Dear Dr. Berk!
My name is Irina Chuchueva. I’m a power analyst and have dedicated more than a decade to the practical side of electricity price and consumption forecast problems. I would like to ask you and your colleagues a question about the paper “Probabilistic forecasting of industrial electricity load with regime switching behavior.”
Firstly, I beg your pardon for being emotional, which is not recommended for a letter like this. I justify myself by arguing that it will make my letter less boring. Secondly, I suspect that you, kind of, became hostages of the paper’s success. Perhaps many scientists and practitioners are asking questions and making commentaries nowadays. I opened the paper because I wanted to learn how to write the best paper in my area from the best. Otherwise, I don’t think I’d pay much attention to the industrial load forecast problem right now being occupied with an algorithmic power trading problem.
Speaking plainly, my reaction to the paper is the following, from your permission: “Dear Doctors, nice job, but what about the boostings (XGBoost, LightGBM, CatBoost)?”
My question is why did you leave aside highly efficient nonlinear models considering the high nonlinearity of the problem of the industrial electricity load forecast?
In the paper, nonlinear models like decision trees and neural network are barely mentioned, just quickly referenced in the overview section. The fact of ignoring decision trees and neural network leads to doubts around achieved efficiencies (scores), especially considering the significant difference in the scores between compared models. Being a practitioner, I’m used to a constant struggle for every 0.1% of improvement, and from that perspective, a two-fold improvement looks pretty much like trickery.
The question above is my main one, but I also have a few less important questions and commentaries.
- Units kW/h. In the paper, the mentioned units are used, but I’ve never faced this before. When talking about instant power, kW is used; and when talking about average power within 1-hour interval, kWh/h is used. So what kW/h does mean in that respect?
- The forecast horizon is considered as medium-term and economic effects are referred to imbalance costs. The imbalance costs are a consequence of errors in the short term, or even ultrashort term forecast, and inefficient day ahead and intraday trading. I might suggest that a medium-term forecast can be used to reduce the overall cost of power for an industrial consumer using medium-term financial instruments (OTC contracts, futures, etc.) and is barely related to imbalance costs.
- Four consumers in research. In the paper, there is no explicit mention of why and how the four consumers in question were chosen from 75 available (after discrimination between switching and non-switching regime consumers).

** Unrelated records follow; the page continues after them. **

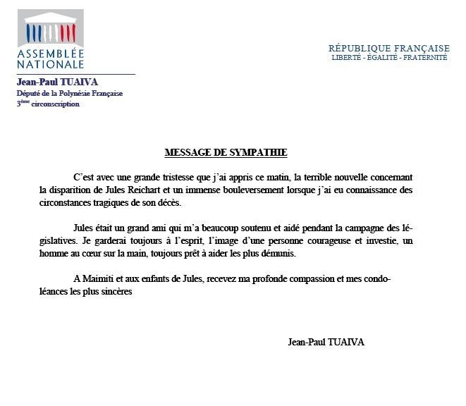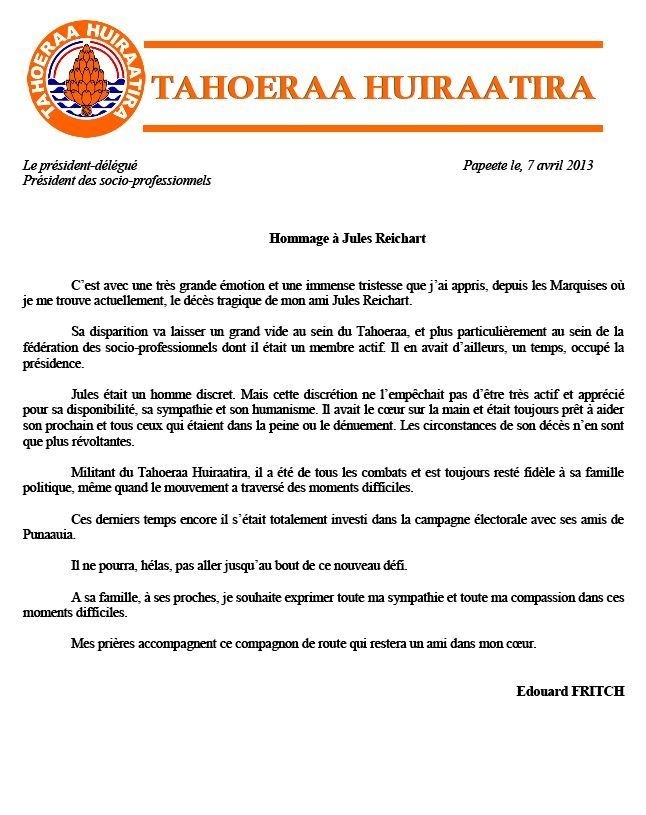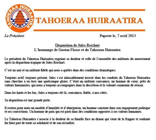 Jules Reichart, militant au sein du Tahoeraa Huiraatira a été victime d'une agression en rentrant chez lui samedi soir. Le parti de Gaston Flosse lui rend hommage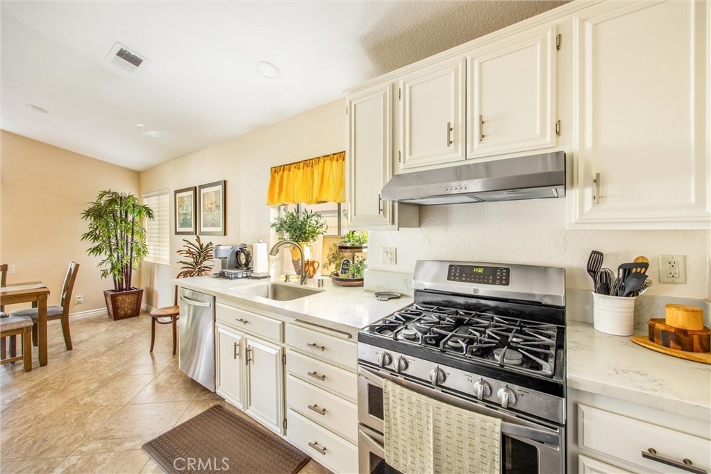 Massive View of the Golf course and mountains! Single story home right on the golf course in the Menifee Lakes Community. Let the outdoors in and expand your entertaining area with dual sliding doors that showcase the newer patio cover with recessed lighting. Your favorite spot will be relaxing on this patio that spans the backyard. Serene & picturesque! Low HOA monthly dues and optional golf memberships available. Some of the HOA amenities include a community beach style pool, lake, walk & bike paths, fishing, BBQ's, picnic areas and more. Some nice contemporary upgrades in this open floor plan. Travertine flooring throughout all the living areas and carpet in the bedrooms. Upgraded and updated lighting fixtures and recessed lighting added. Kitchen features Quartz countertops, white cabinets, and stainless steel appliances. Light and airy neutral paint throughout. An open and inviting floorplan welcomes all into this well-cared for home that you will be sure to want to make it yours. Just the perfect size home with minimal maintenance yard. Schedule your showing to see today!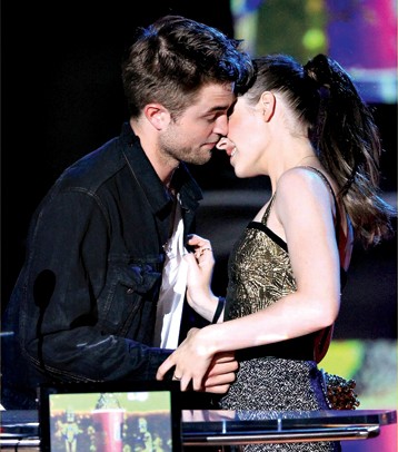 《新月》受追捧主要因?yàn)槟信惶?hào)羅伯特·帕丁森與克里斯蒂·斯圖爾特的化學(xué)作用。而在戲外,兩人也是好萊塢的一對(duì)“明星情侶”。昨日,摘得“最佳接吻”獎(jiǎng)的兩人當(dāng)場(chǎng)為在座觀(guān)眾獻(xiàn)上一吻,引來(lái)尖叫無(wú)數(shù)。

- Feels like scores of D31, D35, D41 models contribute neither to the practical nor theoretical side of the problem because they are obvious. Is it a good practice to include such numbers in the paper?
- Why did you choose MATLAB as your tool? I’ve been coding in MATLAB for 10 years and moved to Python in April 2019. I do realize that here I’m the one who is late because I’m restricted by my client’s framework and can’t choose. Since the Python era, I’ve been catching up with best world practices in the area of time series processing. Of course, MATLAB doesn’t provide any “boostings.”
Lately, I’ve been feeling that there is a huge gap between the “scientific community” (highly titled institutes staff) and the “practical community” (data analysts, some of them with Kaggle experience). That feeling found a consonant vibe in the recent fabulous “Energy Forecasting: A Review and Outlook” by Tao Hong et al. On one side, many doctors strive to be practical and avoid looking into a complex business practice; on the other side, many practitioners know little about the theoretical background of the models and avoid reading confusing scientific papers.
After 12 years dedicated to modeling in the power market, I had a tough entrance in the “practical community” via Kaggle. It was the most sobering experience in my professional life. But it has encouraged me to dare to ask you such an unpleasant question.
This letter was sent to Dr. Berk on 1 December 2020. It remained unanswered.